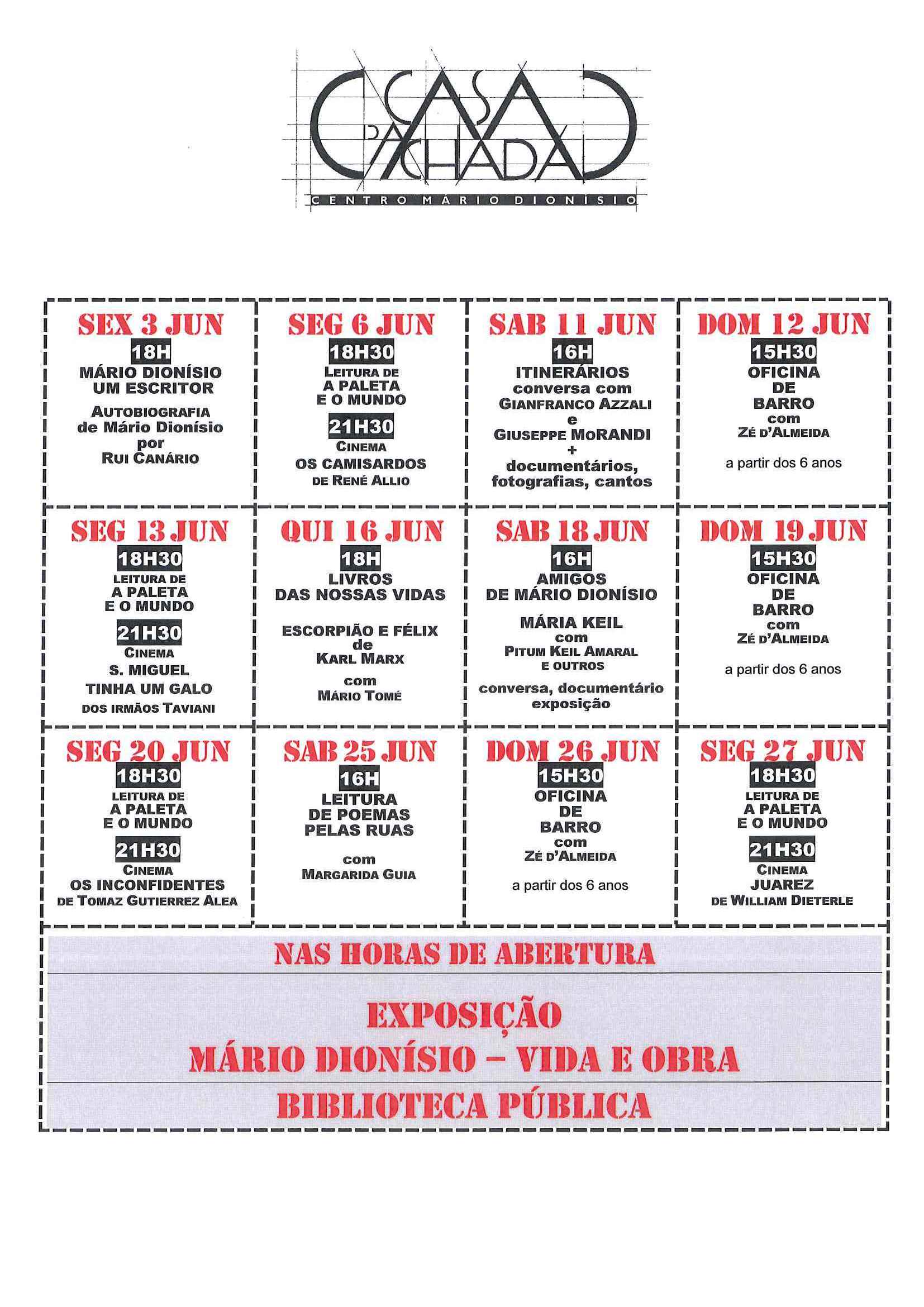 Aqui podem consultar a restante programação da Casa da Achada em maior pormenor.
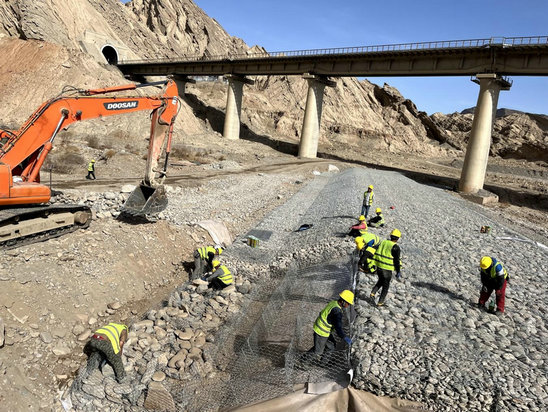 圖為:兵團建工水電集團八建公司庫車河除險加固項目部施工
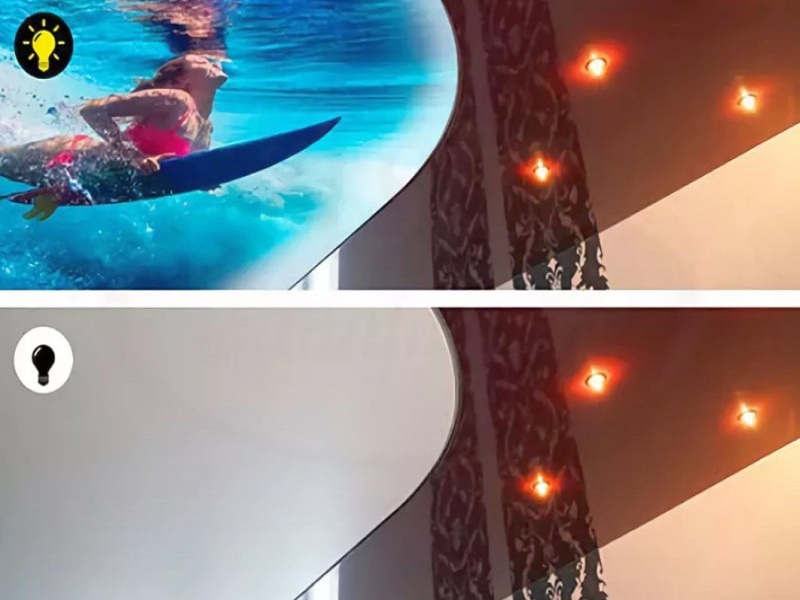 Цены на глянцевые полотна, независимо от их оттенка, одинаковы. Цена готового потолка зависит от его конфигурации, площади комнаты, количества и видов осветительных приборов, наличия дополнительного декора (прокладка светодиодной ленты, фотопечать и т. д.).
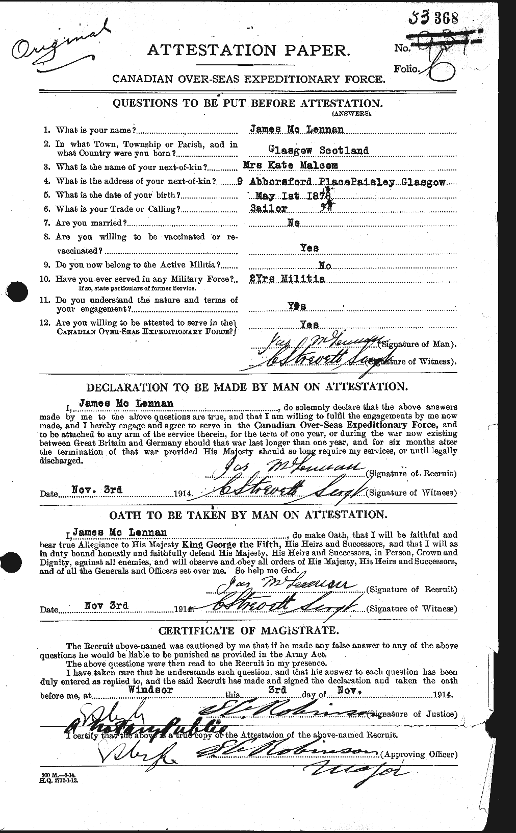This 36-year old sailor enlisted with the 18th Battalion on November 3, 1914. He went overseas with the 18th Battalion late April 1915, arriving for active duty on the Continent on September 15, 1915.
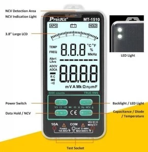 Miernik cyfrowy uniwersalny z dużym wyświetlaczem 3,8cala + NCV MT‑1510
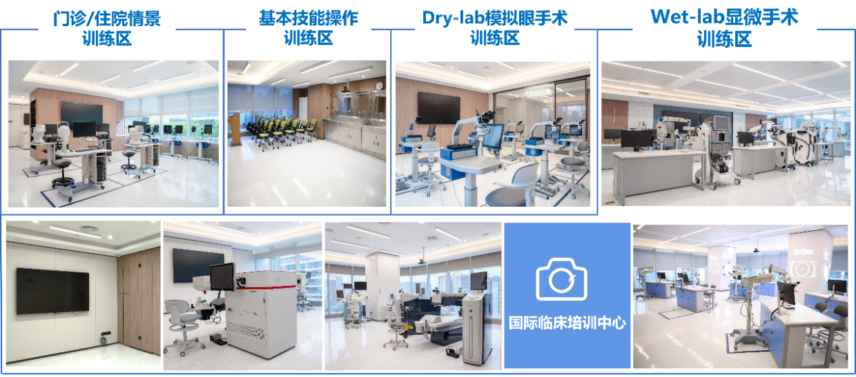 AICTC設(shè)置了“門診/住院情景訓(xùn)練區(qū)”、“基本技能操作訓(xùn)練區(qū)”、“Dry-lab模擬眼手術(shù)訓(xùn)練區(qū)”、“Wet-lab顯微手術(shù)訓(xùn)練區(qū)”四個(gè)培訓(xùn)功能區(qū)共8個(gè)lab,可實(shí)現(xiàn)以超聲乳化、飛秒白內(nèi)障、玻璃體切除、準(zhǔn)分子激光、全飛秒、ICL、角膜移植等眼科亞??剖中g(shù)培訓(xùn)為核心,以眼科基本檢查與技能訓(xùn)練為輔的全方位教學(xué)。
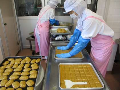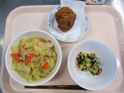 今日の味噌ラーメンとサーターアンダギーはリクエスト給食です。給食リクエストボックスには毎日お手紙が届きます。「今日の給食おいしかったです。」「〇〇がもう一度食べたいです。」「いつもおいしい給食をありがとうございます。」などが書いてあります。このようなお手紙をもらうと、とてもうれしく、はげみになります。写真はサーターアンダギーを作っているところです。
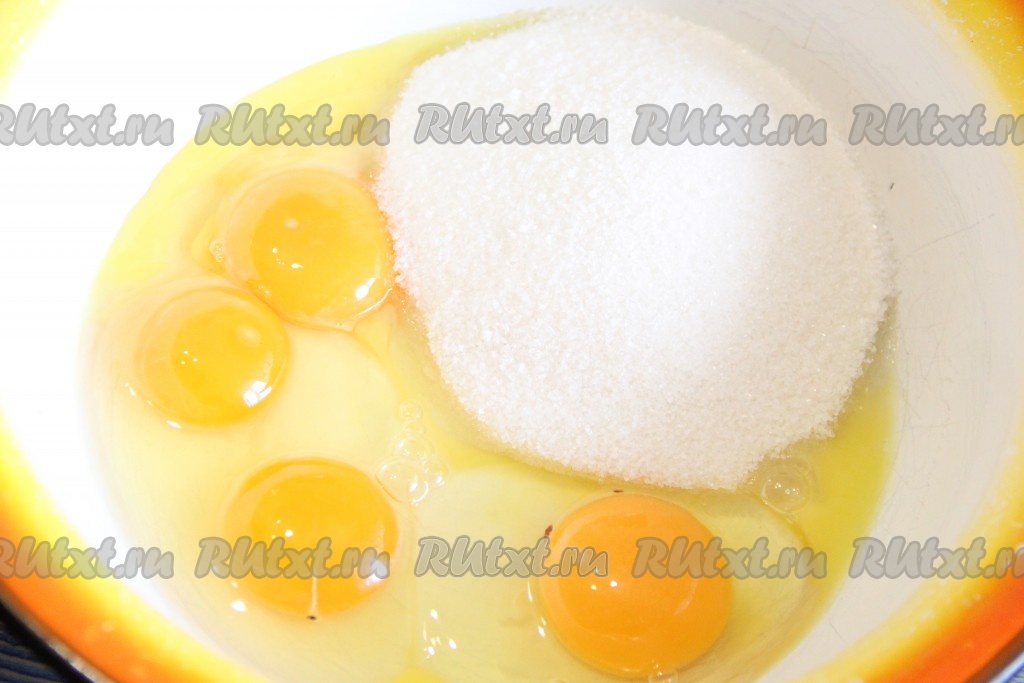В глубокой миске соединить яйца и сахар.
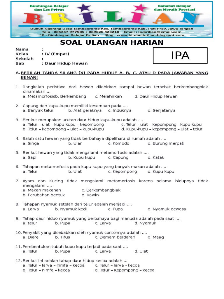Soal Ulangan Harian Ipa Kelas 4 Sd Bab 4 Daur Hidup Hewan Pdf
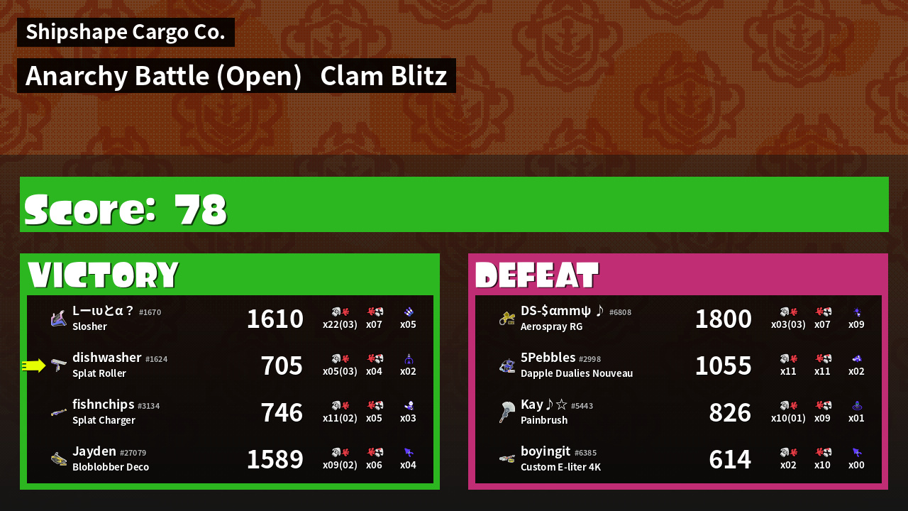 | Mode | Clam Blitz - Anarchy Battle (Open) | ||
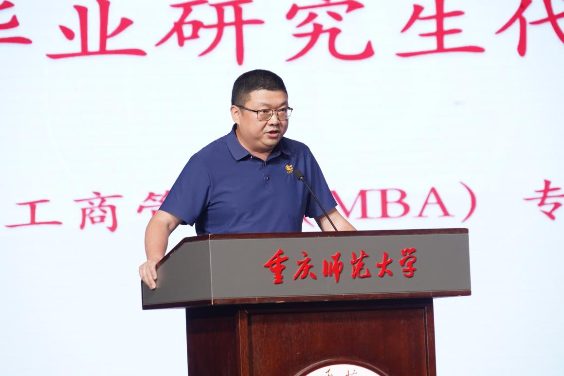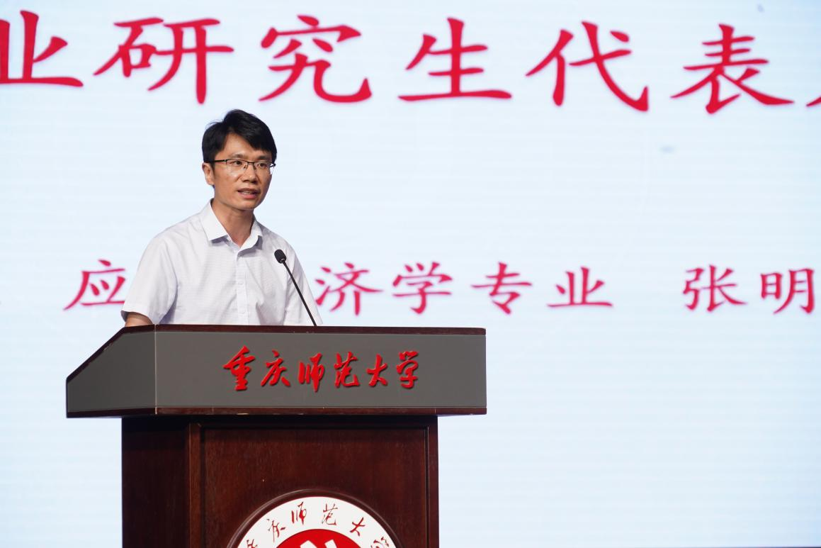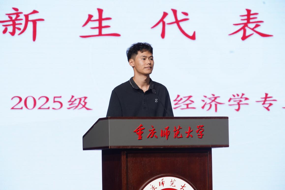 之后,新生代表罗泽江发言。他分享了自身的支教经历,并结合所学专业特色,阐述对研究生阶段学习的规划与期待。他表示将在教师指导下,以谦逊态度恪守学术规范,专注学术研究、践行格物致知,力求完成符合自我成长与时代要求的研究生阶段学习。同时,他向教师们表达工作顺利、桃李芬芳的祝愿,向同学们送上学业有成、前程似锦的祝福,并倡议全体新生携手以“厚德笃学、励志创新”的理念共同奋进,奔赴未来。
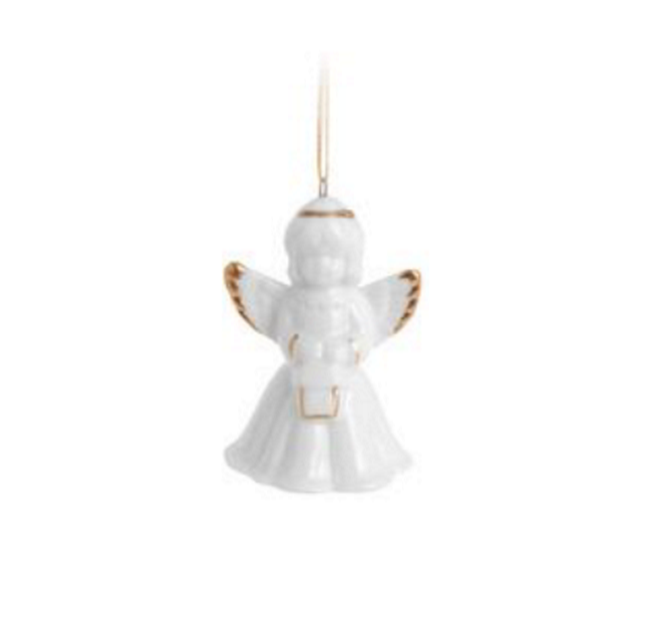 Porcelanowy aniołek w formie dzwonka to wyjątkowa i elegancka zawieszka na choinkę. Biało-złote wykończenie sprawia, że ozdoba prezentuje się bardzo subtelnie i efektownie, doskonale pasując do świątecznych dekoracji.
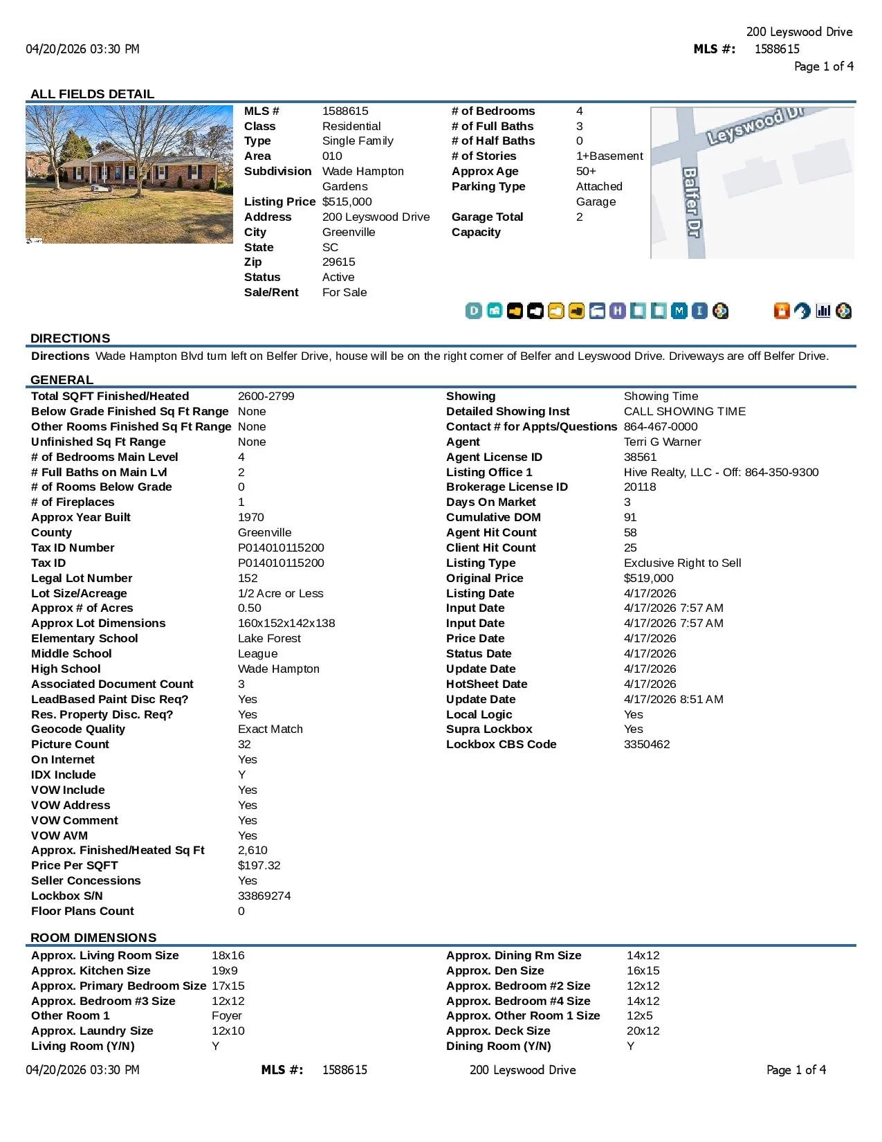 MLS #1588615 - 200 Leyswood Drive, Greenville, SC 29615 - $499,000
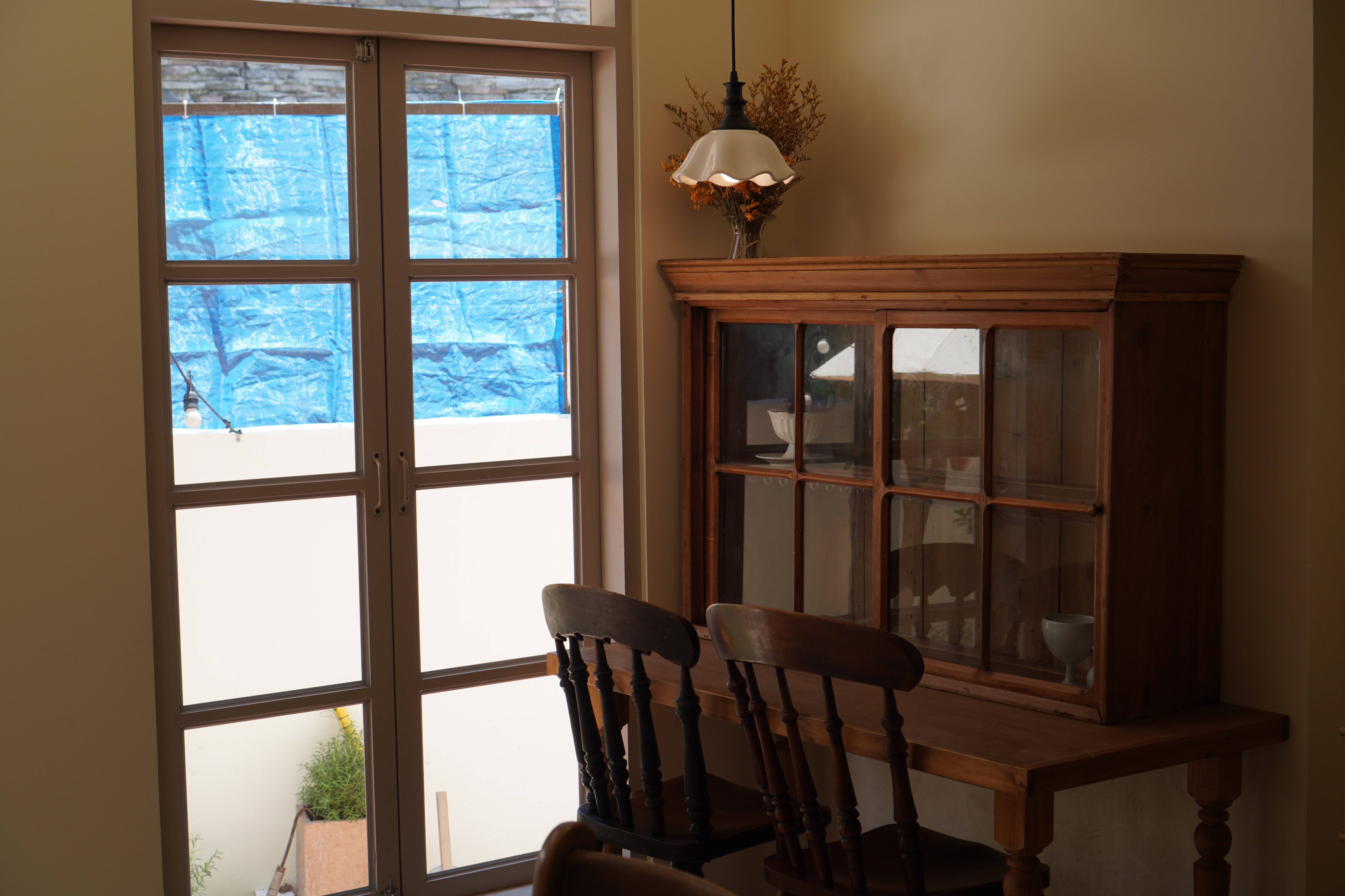 가게 창가 쪽이 통유리라 야외 정원이 잘 보입니다. 푸릇푸릇한 감성에 빈티지하고 멋드러진 조명이 있으니 너무 분위기 있네요. 인테리어 완전 취저!✨
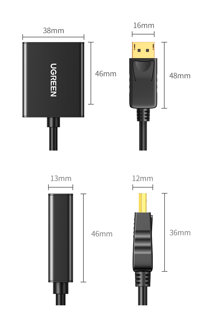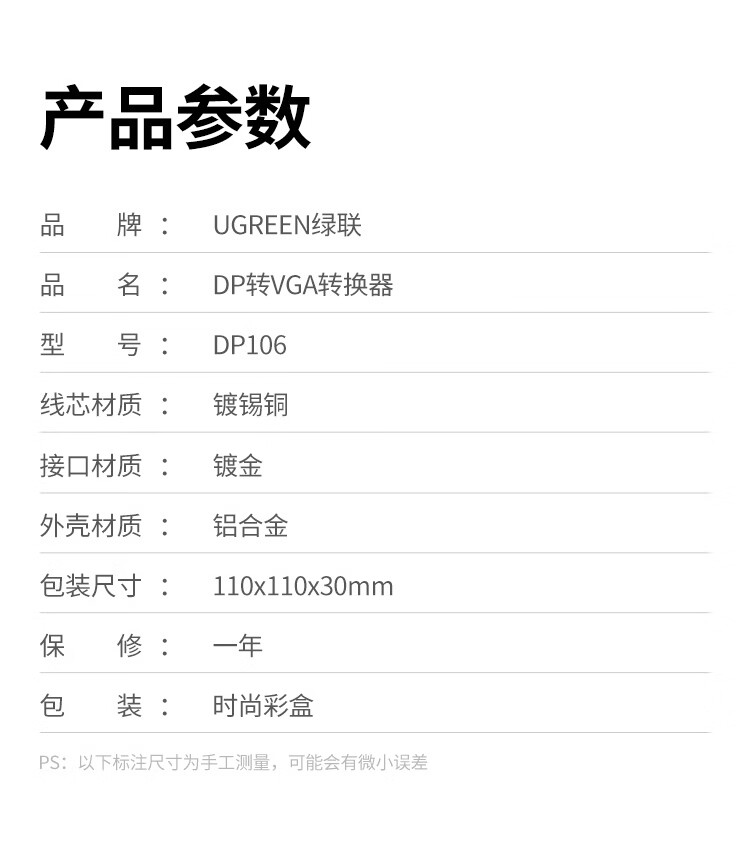 绿联(UGREEN)DP转VGA母头 黑色 20414 自营

═══

• [YOUR GOAL] Leave out the pictures and repeat the lines from the start of the material through the line with "Цены на глянцевые", inclusive.

• [SOLUTION TO THIS PROBLEM]
 Aqui podem consultar a restante programação da Casa da Achada em maior pormenor.
 圖為:兵團建工水電集團八建公司庫車河除險加固項目部施工
 Цены на глянцевые полотна, независимо от их оттенка, одинаковы. Цена готового потолка зависит от его конфигурации, площади комнаты, количества и видов осветительных приборов, наличия дополнительного декора (прокладка светодиодной ленты, фотопечать и т. д.).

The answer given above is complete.